So, it remains to prove $\text{(1)}$ and $\text{(2)}$. We will closely follow OP's computation (but in a rigorous manner) in order to establish both identites.

Proof of $(1)$. For $|x| < 1$, expanding the integrand as a power series in $t$ and applying Fubini's theorem gives

\begin{align*} -\int_{0}^{x} \frac{2t}{1+t^2} \operatorname{artanh}(xt) \, \mathrm{d}t &= -2 \int_{0}^{x} \biggl( \sum_{j=0}^{\infty} (-1)^j t^{2j+1} \biggr) \biggl( \sum_{k=0}^{\infty} \frac{(xt)^{2k+1}}{2k+1} \biggr) \, \mathrm{d}t \\ &= -2 \sum_{j=0}^{\infty} \sum_{k=0}^{\infty} (-1)^j \frac{x^{2k+1}}{2k+1} \int_{0}^{x} t^{2j+2k+2} \, \mathrm{d}t \\ &= 2 \sum_{j=0}^{\infty} \sum_{k=0}^{\infty} \frac{(-1)^k x^{2k+1}}{2k+1} \cdot \frac{(-1)^{k+j+1}x^{2k+2j+3}}{2k+2j+3} \\ &= 2 \sum_{0\leq k < l} \frac{(-1)^k x^{2k+1}}{2k+1} \cdot \frac{(-1)^{l}x^{2l+1}}{2l+1} \\ &= \biggl( \sum_{k=0}^{\infty} \frac{(-1)^k x^{2k+1}}{2k+1} \biggr)^2 - \sum_{k=0}^{\infty} \frac{x^{2(2k+1)}}{(2k+1)^2} \\ &= (\arctan x)^2 - \chi_2(x^2). \end{align*}

This proves $\text{(1)}$ for $|x| < 1$. Since both sides of $\text{(1)}$ are continuous at $x = 1$ from the left, the validity of $\text{(1)}$ extends to $x = 1$, proving the desired identity.
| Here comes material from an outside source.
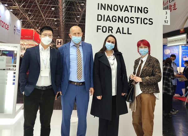 在经过同行推荐并使用了leyu.乐鱼产品后,一位从事检测工作十多年的苏丹客户专门找到leyu.乐鱼展台,进一步了解leyu.乐鱼新冠和其他试剂检测业务。看完leyu.乐鱼方案的操作后,他频频点头并表示,“你们的方案应用场景广、操作简便、精准可及,我非常看好你们!”

Proof of $(2)$. Let $|x| < 1$. Proceeding similarly as above,

\begin{align*} \int_{0}^{x} \frac{2t}{1+t^2} \operatorname{artanh}(t/x) \, \mathrm{d}t &= \int_{0}^{1} \frac{2x^2t}{1+x^2t^2} \operatorname{artanh} t \, \mathrm{d}t \\ &= 2 \sum_{j=0}^{\infty} \sum_{k=0}^{\infty} \frac{(-1)^j}{2k+1} x^{2j+2} \int_{0}^{1} t^{2k+2j+2} \, \mathrm{d}t \\ &= 2 \sum_{j=0}^{\infty} \sum_{k=0}^{\infty} \frac{(-1)^j x^{2j+2}}{(2k+1)(2k+2j+3)} \\ &= \sum_{j=0}^{\infty} (-1)^j x^{2j+2} \biggl( \sum_{k=0}^{\infty} \frac{2}{(2k+1)(2k+2j+3)} \biggr) \end{align*}

Now we focus on the inner sum in the last line. Applying partial fraction decomposition,

\begin{align*} \sum_{k=0}^{\infty} \frac{2}{(2k+1)(2k+2j+3)} &= \frac{2}{2j+2} \sum_{k=0}^{\infty} \biggl( \frac{1}{2k+1} - \frac{1}{2k+2j+3} \biggr) \\ &= \frac{2}{2j+2} \sum_{k=0}^{j} \frac{1}{2k+1} \\ &= \frac{1}{2j+2} \biggl(\sum_{k=0}^{j} \frac{1}{2k+1} + \sum_{k=0}^{j} \frac{1}{2(j-k)+1} \biggr) \\ &= \sum_{k=0}^{j} \frac{1}{(2k+1)(2(j-k)+1)}. \end{align*}

Plugging this back,

\begin{align*} \int_{0}^{x} \frac{2t}{1+t^2} \operatorname{artanh}(t/x) \, \mathrm{d}t &= \sum_{j=0}^{\infty} \sum_{k=0}^{j} \frac{(-1)^k x^{2k+1}}{2k+1} \cdot \frac{(-1)^{j-k} x^{2(j-k)+1}}{2(j-k)+1}, \end{align*}

which is the Cauchy product of the power series of $\arctan x$ with itself, completing the proof.

Answer 2

A solution 100% series free.

$x>0$, \begin{align}F(x)&=\int_0^x\frac{2t\text{arctanh}\left(\frac{t}{x}\right)}{1+t^2}dt\\ &\overset{u=\frac{1-\frac{t}{x}}{1+\frac{t}{x}}}=-2\int_0^1 \frac{(1-u)x^2\ln u}{(1+u)(x^2(1-u)^2+(1+u)^2)}du\\ &\overset{\text{IBP}}=\int_0^1 \left(\ln(1+u)-\frac{\ln\Big((1+u^2)(1+x^2)+2(1-x^2)u\Big)}{2}+\frac{\ln(1+x^2)}{2}\right)\frac{1}{u}du\\ &=\int_0^1\left(\frac{\ln(1+u)}{u}-\frac{\ln\left(1+u^2+2u\left(\frac{1-x^2}{1+x^2}\right)\right)}{2u}\right)du\\ \end{align}

$F$ can be extended continuously to $x=0$ and, using latter expression for $F$, one obtains $F(0)=0$.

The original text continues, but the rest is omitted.